I do not pretend to have perfect hair, perfect vision, perfect skin, perfect friends, perfect family or perfect aim. I do however expect excellence in my academics, in my extracurricular, in my integrity. My lack of perfection extends to my sleep habits. Only recently I discovered that a thyroid condition for which I had gone off my meds, an overactive brain and an overwhelming amount of academic and personal stress is a recipe for disaster. After a blood test, a doctor's appointment and weeks of subliminal energy levels, my life began to lose all semblance of perfection.

During the week of February 21st, I played in two football matches. I rehearsed, dress rehearsed and performed a short theatrical piece I wrote, directed, designed and acted in. Meanwhile, I had to complete my Extended Essay, French oral, and balance deadlines for other IAs and whatnot. I completed the week with heroic effort and then the trouble really began. In the next two weeks, I performed at my worst ever on a Math Mock Exam. I turned in a portfolio for theater I was only partially satisfied with. And, I just used a prepositional at the end of my previous sentence. I was defeated, struggling to cope with my glaring inability to perform above my innate imperfection.

It's not the months of waiting to hear if an admissions' office deign to acknowledge my deserving existence, but it certainly doesn't help. It's not the people who belittle my existence with a look, but they don't accomplish anything positive. It's not the school that still pushes me to its outskirts a year ad a half after I half-heartedly drove through its gates, but it's not an encouragement. It is the sum of the parts, the weight in its entirety that has conquered my defiant shoulders.

To me, the world had won. My desire to remain true to my identity, my faith, my character seemed to have been buried under the hundreds of pages my printer spits out every week. It has been a forsaken spell of hearing others celebrate their dreams' fruition while March 30 haunts my dreams.

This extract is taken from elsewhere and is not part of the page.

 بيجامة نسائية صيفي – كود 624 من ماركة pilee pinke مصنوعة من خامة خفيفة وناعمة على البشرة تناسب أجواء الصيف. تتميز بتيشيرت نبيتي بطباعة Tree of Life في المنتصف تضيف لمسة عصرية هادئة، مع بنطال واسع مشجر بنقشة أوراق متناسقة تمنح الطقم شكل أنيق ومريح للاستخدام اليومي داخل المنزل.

At the end of the day, however, I lost my way. I thought that a superhuman mantra of responsibility and excellence would get me places. -Eeeen- Wrong.

I am imperfect. But not in this way. I am the girl who takes time out of her homework to watch middle schoolers turn the game of Signs into chaos and then remind them that God is the only constant in said chaos. I may also, from time to time, allude to the Jonas Brothers. I procrastinate by figuring out chemistry puns. I read old Nancy Drew mysteries and allow myself to be surprised at the all-too predictable endings. I'm a serial dreamer. Every night, when I let my parents know I'm in bed, two golden bundles hurtle down the hall and land on top of me, licking my face and snuggling into my legs.

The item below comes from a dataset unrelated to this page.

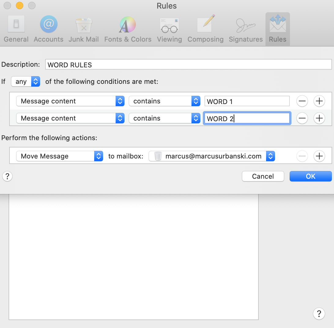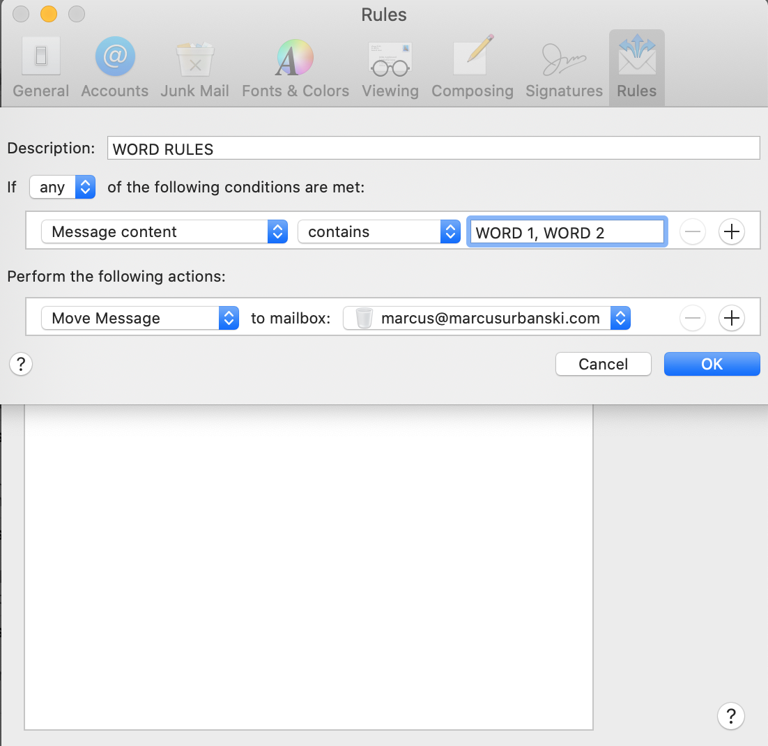 In this image I'm using one line per word, but I would like to use one line for all the words I want the rule to look for in the mail.

I am NOT a being driven by a desire for status or material success. I am NOT ashamed of my family's simple economic beginnings. I AM, after all, the daughter of a Baptist minister-turned-missionary-turned-almost teacher. I am not always a straight-A student. In fact, when I was in fifth grade, my penmanship got a C. I am imperfect, in all these ways.

Will I get my predicted grade on my IB diploma? There is no certainty, no glimmer of impending perfection. Will I do my best? There is more certainty but sometimes our best is commandeered by our worst.

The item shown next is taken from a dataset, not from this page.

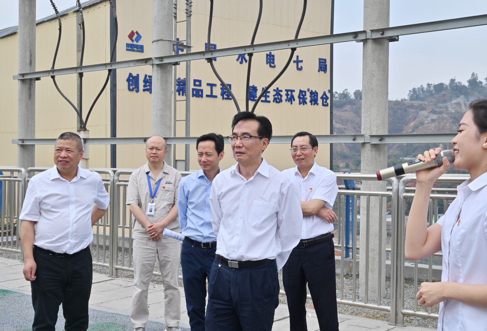 在銀江水電站黨建宣傳陣地,吳曉曦聽取了攀水電黨總支“七色陽光大黨建”品牌介紹,對攀水電黨總支深入開展學習貫徹習近平新時代中國特色社會主義思想主題教育,把支部建在工地上,以黨建引領工程建設和公司高質量發展給予了充分肯定,并要求攀水電黨總支及時跟進主題教育學習,繼續積極打造川投能源“支部聯建示范基地”,把銀江水電站建好,把新能源項目開拓好。

I am imperfect. My Heavenly Father is not. And that, my friends, is the bottom line. I promised myself that a change in school would not end in a change in identity. For a few months, it was forgotten in a rush of what I thought was the new and improved. I would say never again, but ultimatums rarely last in this life. Still, here's to embracing imperfection and growth without loss.


"the figure near at hand suffers on such occasions, because it shows up its sorriness without shade; while vague figures afar off are honored, in that their distance makes artistic virtues of their stains. In considering what Tess was not, he overlooked what she was, and forgot that the defective can be more than the entire."